= German place names in Alsace =

Below is a list of the historic German language exonyms for towns and village in the Alsace region of France (German: Elsaß) used prior to the annexation of the region by France during the reign of King Louis XIV in 1681 and again from 1870 to 1918 and from 1940 to 1945, when Alsace was re-annexed to Germany. Alsatian names used since the 6th century differ.

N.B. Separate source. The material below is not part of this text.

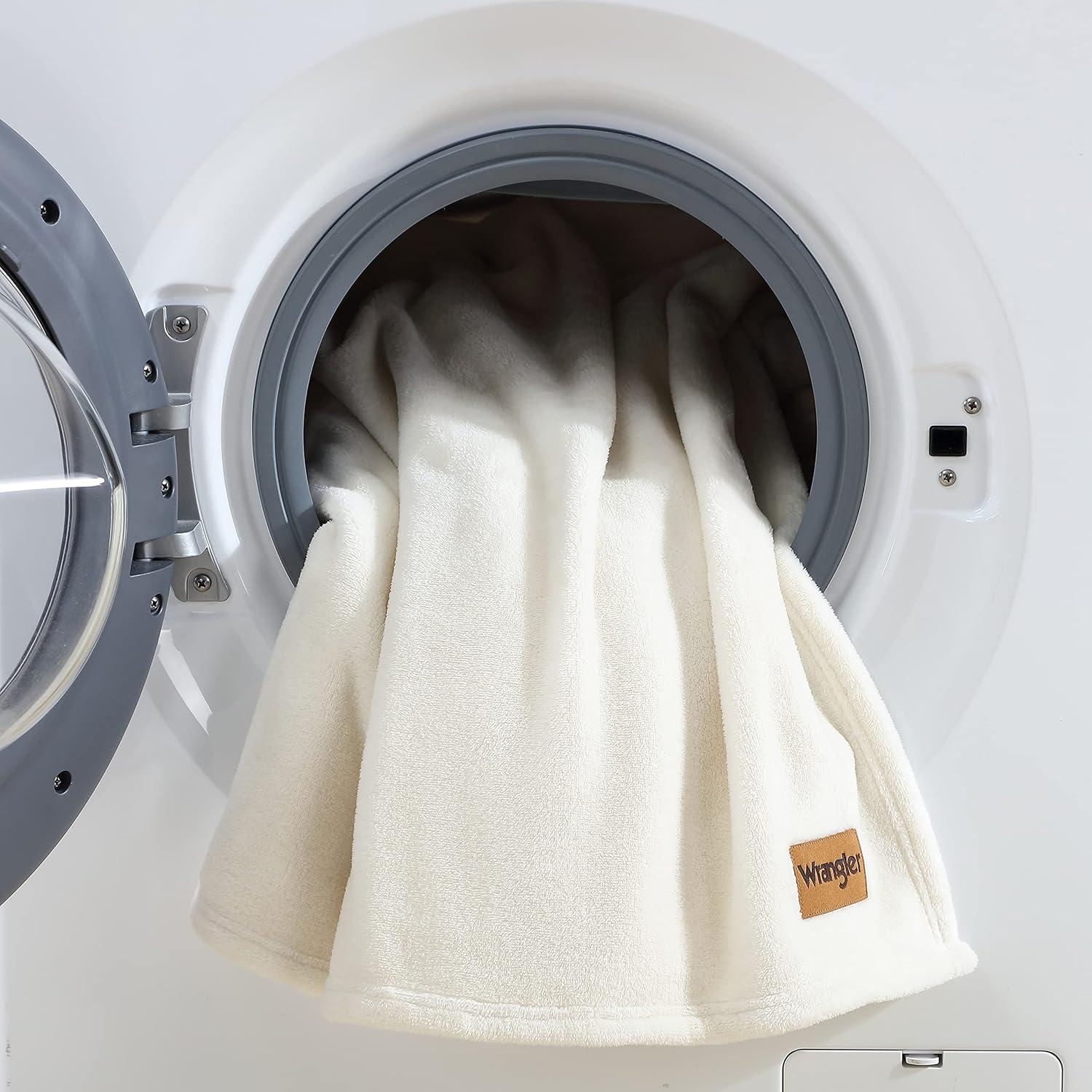 FEATURES: 100% Premium Polyester Plush Construction-with an ultra soft and cozy feel; self-hem detailing and an iconic Wrangler branded logo patch in faux leather; Perfect layering piece for your bedding ensemble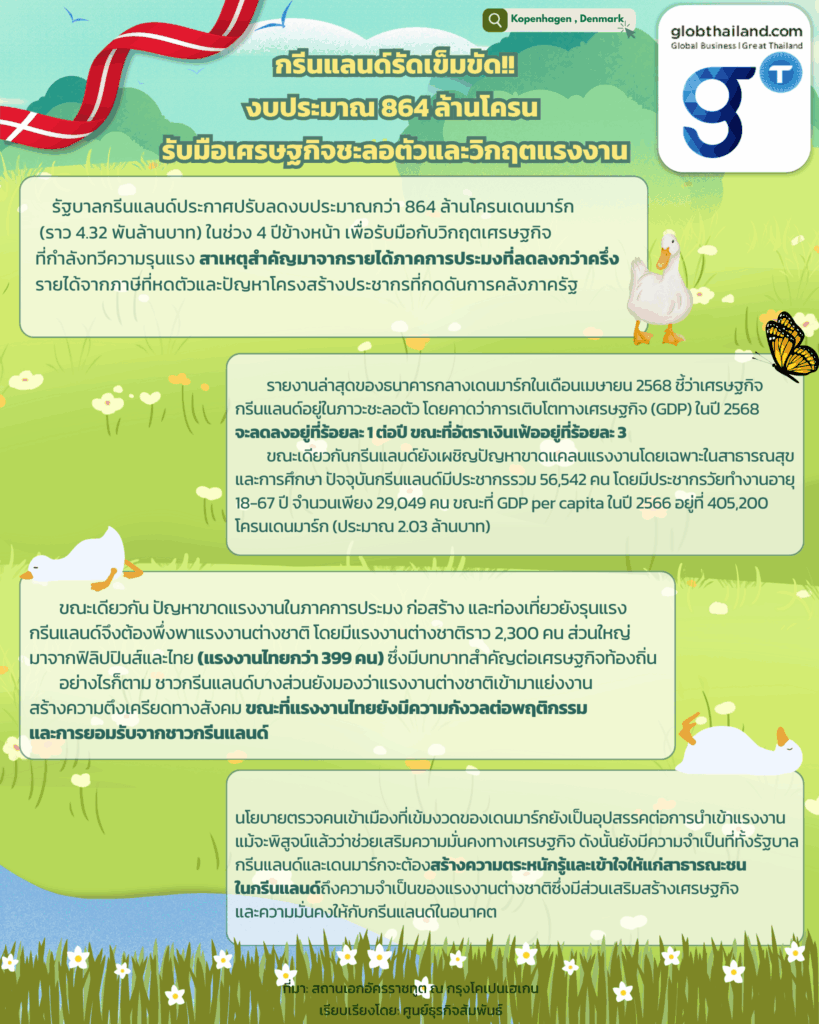 รัฐบาลกรีนแลนด์ประกาศแผนปรับลดงบประมาณรวม 864 ล้านโครนเดนมาร์ก (ประมาณ 4.32 พันล้านบาท) ในระยะเวลา 4 ปีข้างหน้า เพื่อรับมือกับความเสี่ยงทางเศรษฐกิจที่กำลังทวีความรุนแรง สาเหตุหลักมาจากกำไรภาคประมงที่ลดลงครึ่งหนึ่ง รายได้จากการจัดเก็บภาษีที่ชะลอตัว และแรงกดดันด้านโครงสร้างประชากรที่สร้างภาระต่อการคลังของรัฐ

This list includes only names that differ significantly; the list of minor spelling differences, such as Zutzendorf/Zützendorf is incomplete. Included are names where the sole difference is -weiler instead of -willer, e.g. Dettwiller (French)/Dettweiler (German).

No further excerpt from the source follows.